Your task is to return the listing below word for word, without any of its images.

### Raw data
_ _ _ _

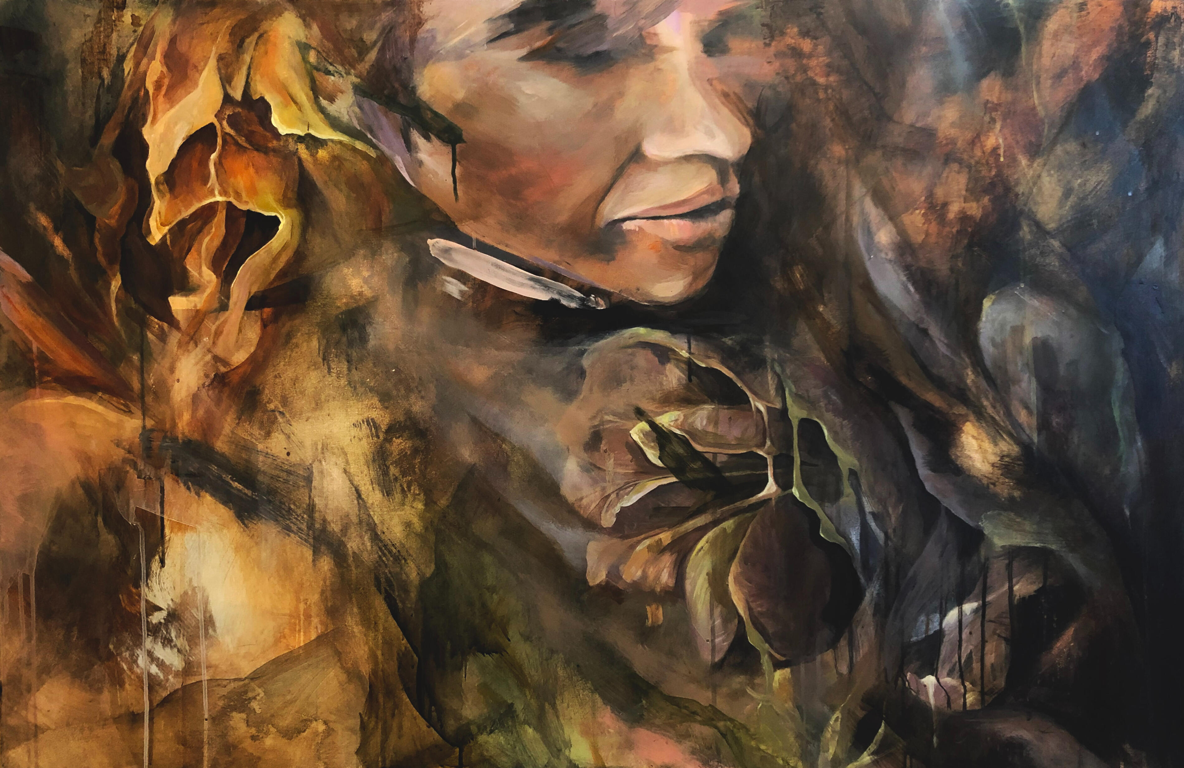Chrissy Kuiack is a Toronto based artist and muralist. Working from canvas to city streets with merging styles of loose brush strokes and the soft aerosol layers to create her works of art. Her work is recently heavily inspired by flowing fabrics and fluid textures.These collection of paintings are some recent studio works.
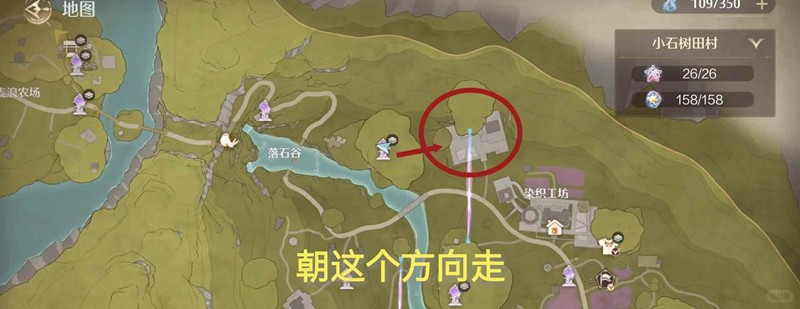 我们传送到“染织工坊旁石树”锚点,然后朝后面走,向染织工坊的方向走;
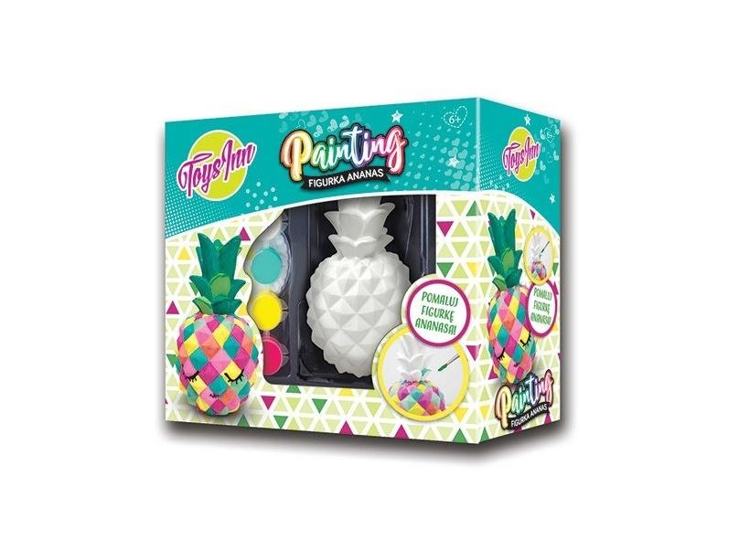 Zestaw zawiera figurkę ananasa do malowania, 5 farbek, pędzelek i dwie tacki do mieszania farb. Produkt przeznaczony dla dzieci w wieku 6+. przeczytaj całość
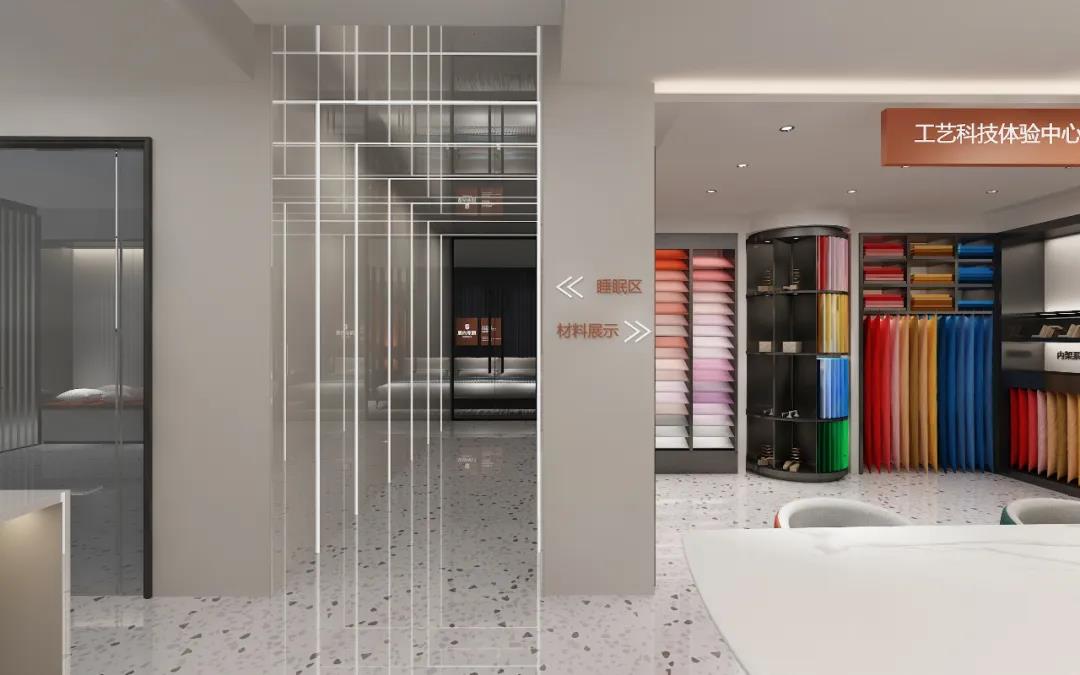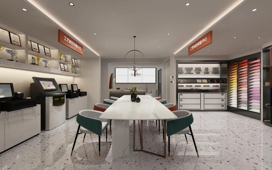 首创打造科技体验店,作为可复制的模式首发,全新升级的VI,统一形象和风格,在格局上更加注重凸显企业文化的融入与表达,结合思肯家居自主研发的智能销售设备,分区域展示品牌、质量、服务、规模等,通过功能性演示、细化产品展示、配套设计等,使产品展示更加多样化、视觉冲突性更强。

_ _ _ _

### The answer
Chrissy Kuiack is a Toronto based artist and muralist. Working from canvas to city streets with merging styles of loose brush strokes and the soft aerosol layers to create her works of art. Her work is recently heavily inspired by flowing fabrics and fluid textures.These collection of paintings are some recent studio works.
 我们传送到“染织工坊旁石树”锚点,然后朝后面走,向染织工坊的方向走;
 Zestaw zawiera figurkę ananasa do malowania, 5 farbek, pędzelek i dwie tacki do mieszania farb. Produkt przeznaczony dla dzieci w wieku 6+. przeczytaj całość
 首创打造科技体验店,作为可复制的模式首发,全新升级的VI,统一形象和风格,在格局上更加注重凸显企业文化的融入与表达,结合思肯家居自主研发的智能销售设备,分区域展示品牌、质量、服务、规模等,通过功能性演示、细化产品展示、配套设计等,使产品展示更加多样化、视觉冲突性更强。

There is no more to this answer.